> _The input_:

◇ ◇ ◇ ◇

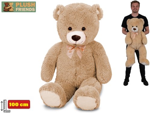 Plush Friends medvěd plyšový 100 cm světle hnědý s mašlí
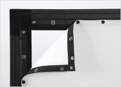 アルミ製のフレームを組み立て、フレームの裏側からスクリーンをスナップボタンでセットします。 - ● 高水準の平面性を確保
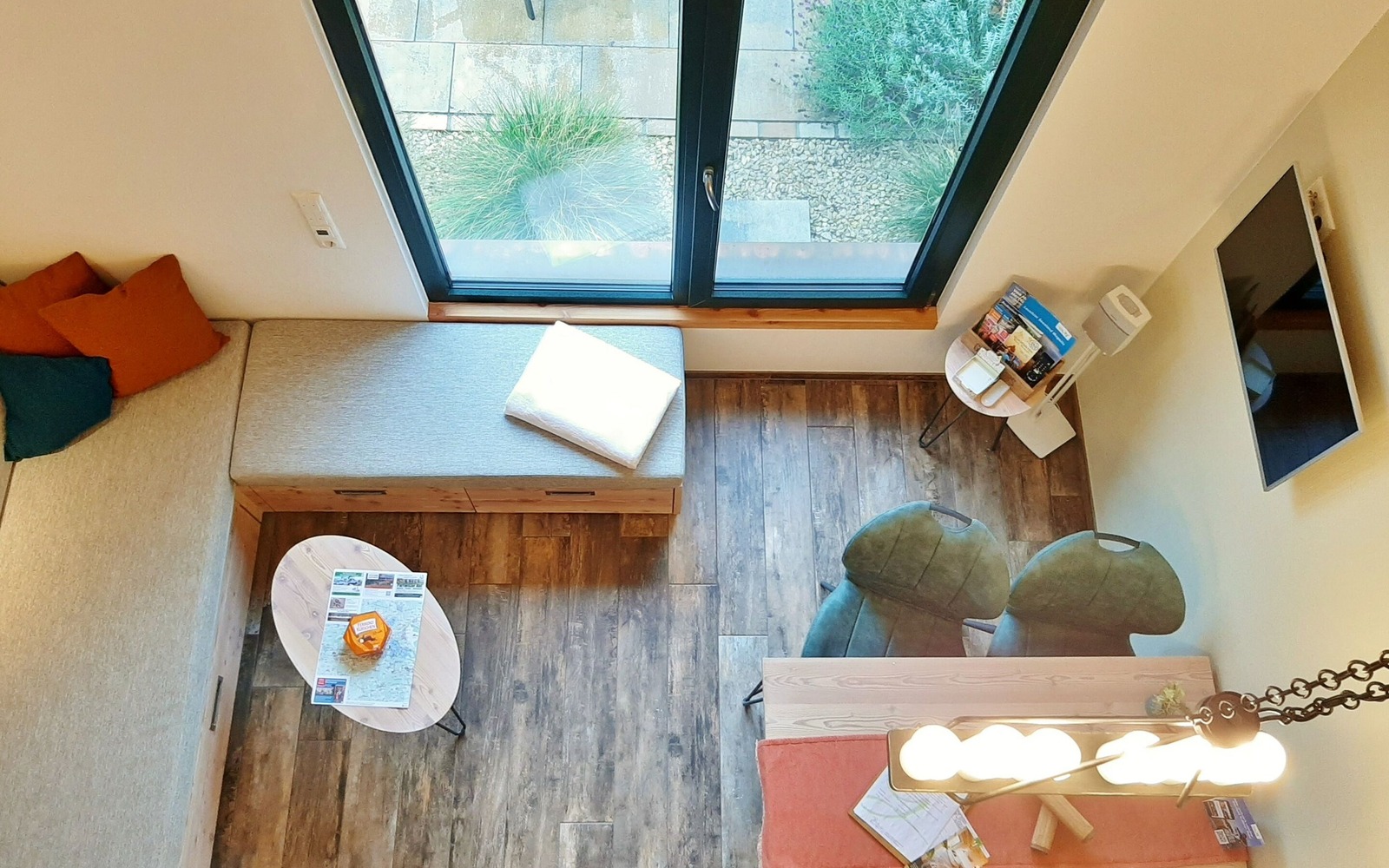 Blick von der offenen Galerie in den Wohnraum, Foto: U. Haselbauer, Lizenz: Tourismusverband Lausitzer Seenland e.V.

◇ ◇ ◇ ◇

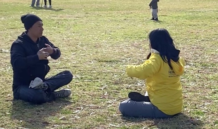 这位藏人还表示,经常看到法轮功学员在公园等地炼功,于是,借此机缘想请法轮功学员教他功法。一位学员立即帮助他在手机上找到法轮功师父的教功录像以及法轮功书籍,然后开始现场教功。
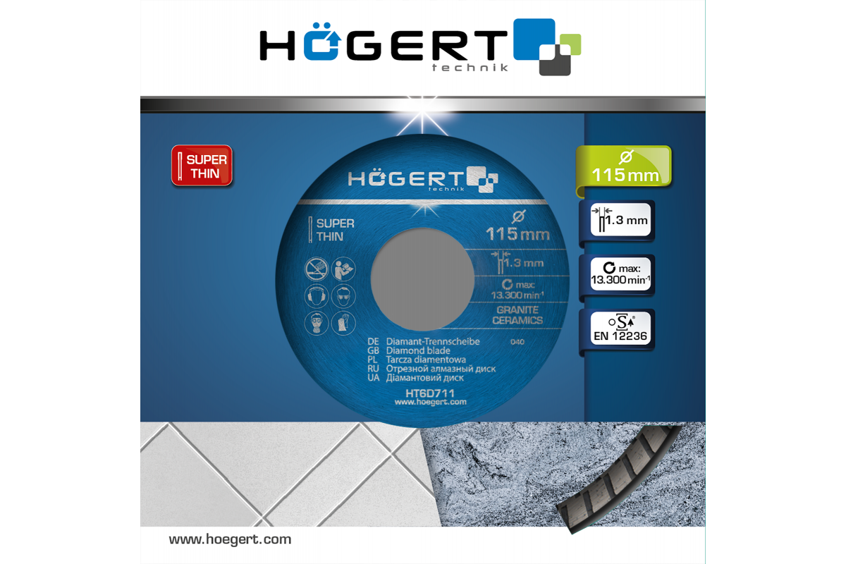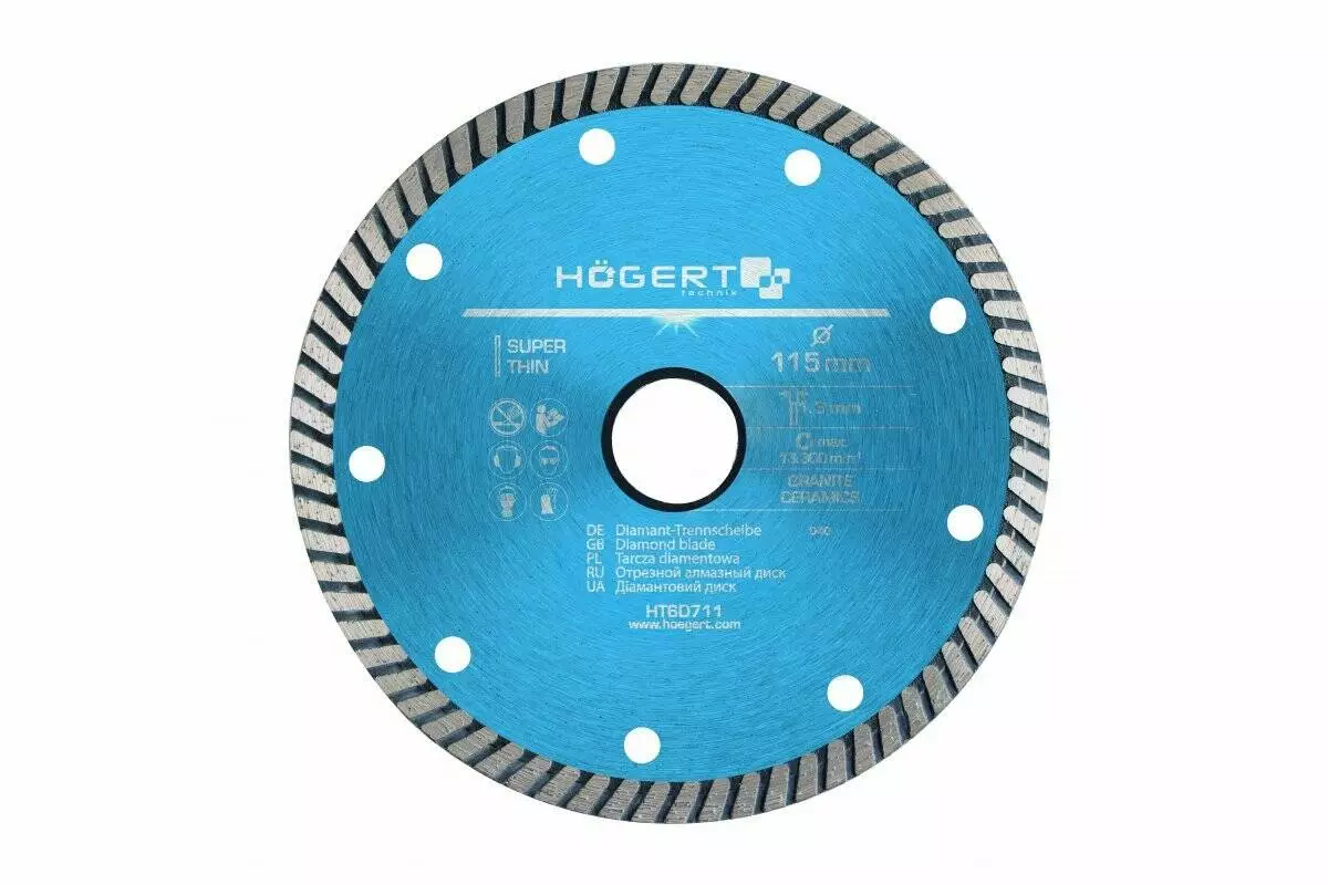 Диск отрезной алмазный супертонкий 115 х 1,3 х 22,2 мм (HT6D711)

◇ ◇ ◇ ◇

> _What you need to do_:
Taking the material above, give again exactly the lines from the one holding "アルミ製のフレームを組み立て、フレームの裏側からスクリーンをスナップボタンでセットします。 - ●" through the one holding "Blick von der", with both ends and without pictures.

> _Written response_:
 アルミ製のフレームを組み立て、フレームの裏側からスクリーンをスナップボタンでセットします。 - ● 高水準の平面性を確保
 Blick von der offenen Galerie in den Wohnraum, Foto: U. Haselbauer, Lizenz: Tourismusverband Lausitzer Seenland e.V.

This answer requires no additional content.